As a small business owner, do I need to get ready for compulsory pensions?

The Revenue Commissioners need to say sorry to a large group of pensioners who have been overcharged as a result of holding both State and private pensions

I run a modest but growing window and glass-fitting company and I currently employ 20 people. I've read recently that the Government plans to put into place a form of compulsory retirement savings scheme. While I can see the merits in this, I'm concerned that the set-up costs and the cost of running a scheme like this will be more than my business can bear at the moment.

Donal, Clones, Co Monaghan

This is a difficult one to answer succinctly as there are a lot of factors at play and a lot of questions around what form the mandatory pension scheme would take if or when the Government puts it in place.

What I would say, however, is that you may be a little premature in your concerns about the impact of a universal pension plan on your business. Government initiatives generally run slowly and, based on experience in other countries, this will be a massive project so it is unlikely to hit you, your employees or your business for a couple of years. Even then, other countries have introduced their systems gradually. So you have ample time to prepare yourself. And with the upturn in the economy, your business may way be in a more stable and profitable position by the time this is introduced.

For the moment, I would advise you to engage the expertise of a financial adviser or benefits consultant and consider your options. You might look at how you can pre-empt the Government scheme with your own scheme, partially paid by the employees, the taxman and you.
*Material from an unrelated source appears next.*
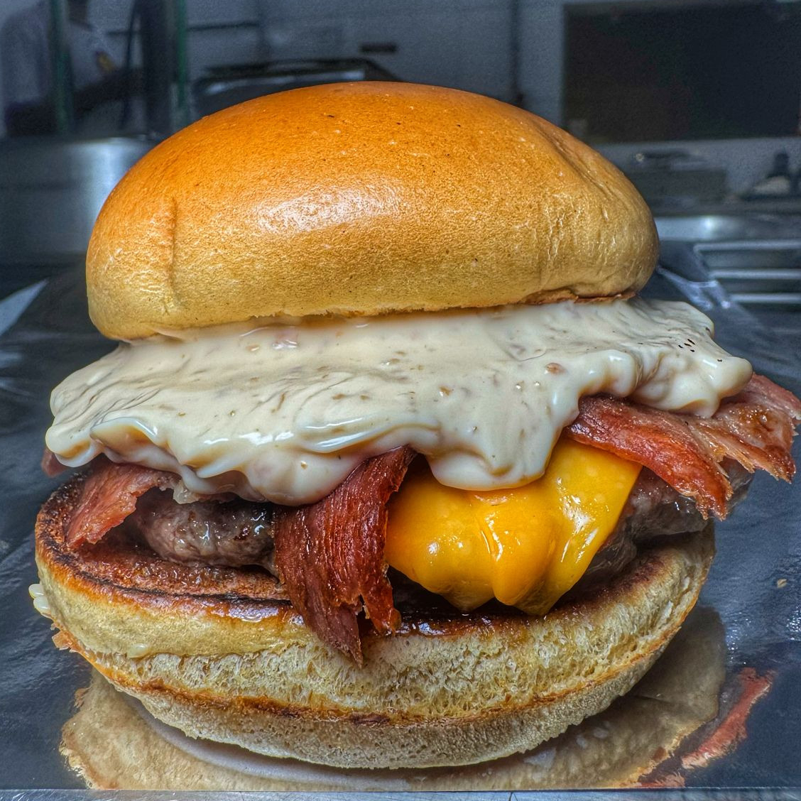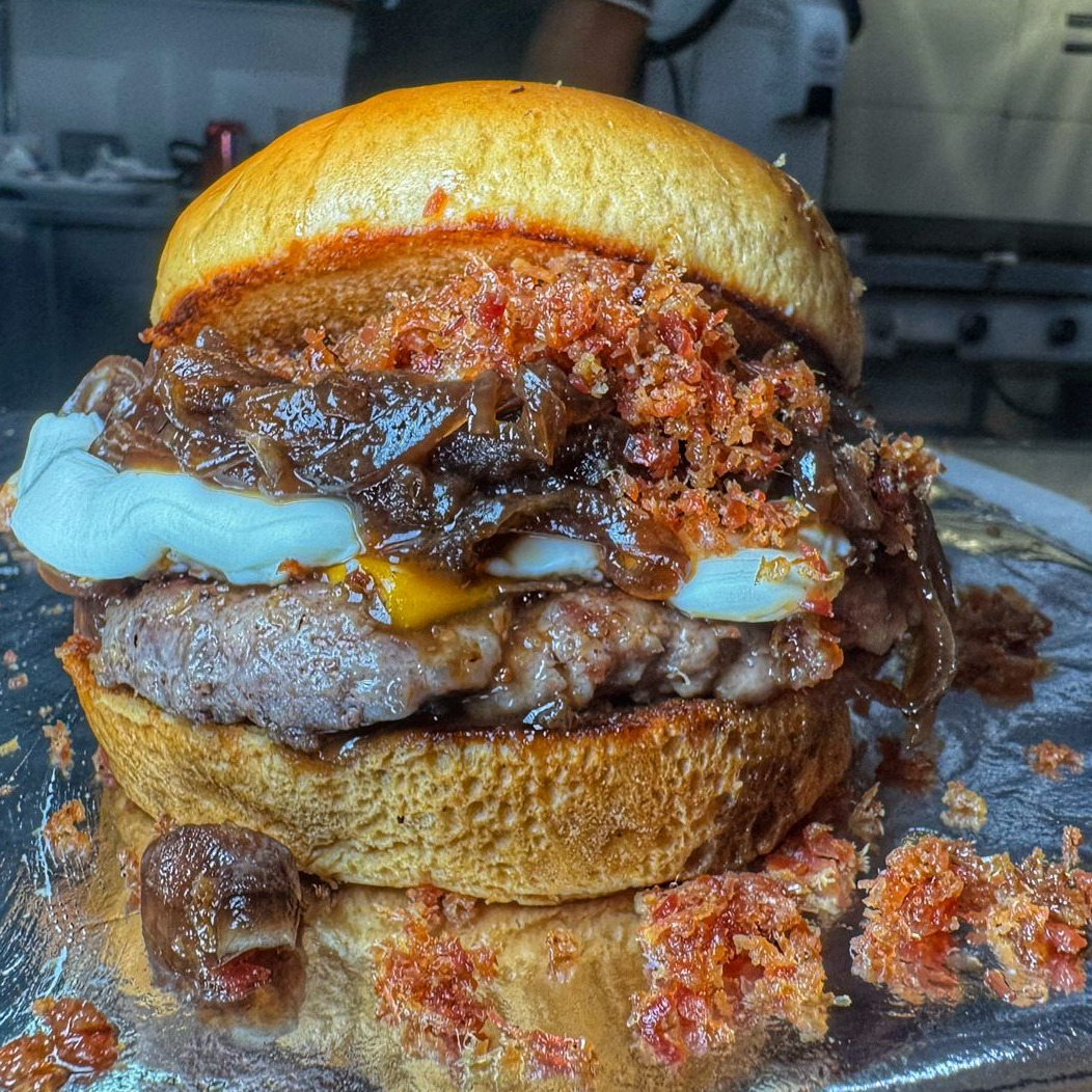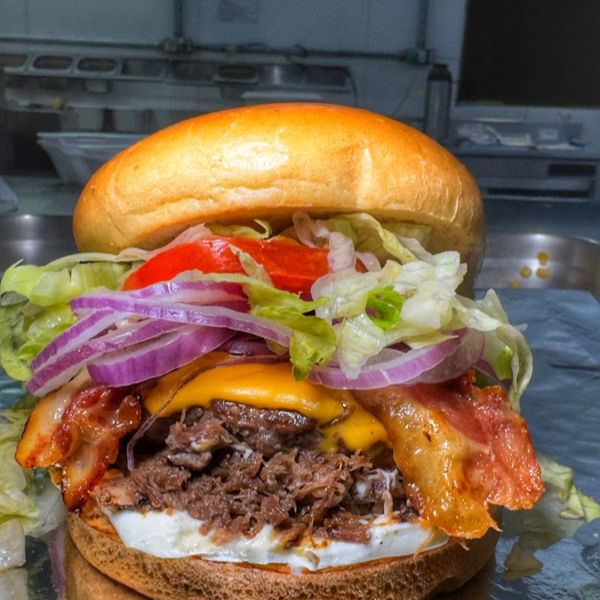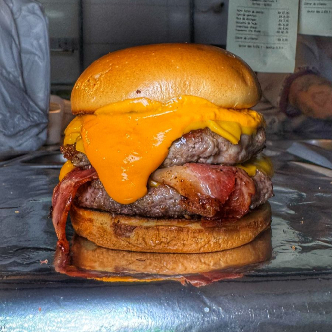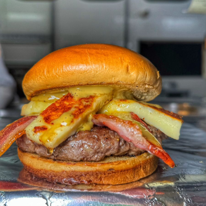 Pão brioche dourado na chapa , recheado com carne bovina suculenta 1250g , fatias de bacon crocante, muçarela derretida e um toque de doce de leite que transforma cada mordida em uma explosão de sabores.

A little pain for everyone, but it may be the best option for your employees. Don't forget that you're already obligated to assist them in taking out a PRSA (Personal Retirement Savings Account), although you don't have to pay anything into it.

I'm a 49-year-old woman working as a medical rep. I have been with the same company for the past 16 years and have been a member of an employer defined contribution pension scheme since I began. It occurred to me recently that in all that time I have never given any thought to how my pension is faring or whether or not I should be looking at how and where my fund is invested. Should I be doing my homework on investment choices and so on, or can I leave all this to the experts - and never really get involved?

Angela, Carrickmines, Dublin 18

Yes, you should be giving your pension some attention. As a typical 49-year-old, you probably have a home and mortgage, a car and maybe some other assets you've acquired over the years but, unless you have paid off your mortgage, your pension is probably your single most valuable asset.

You'll need to take more comprehensive advice, but to start with you could take the following steps:

• Try to estimate when you'll need to draw down your pension, taking into account your State Pension won't be paid until you are 68.

• Consider how much income you will need for the lifestyle you would like in retirement.

• Check how much you have saved now and how much extra you will require to have that lifestyle.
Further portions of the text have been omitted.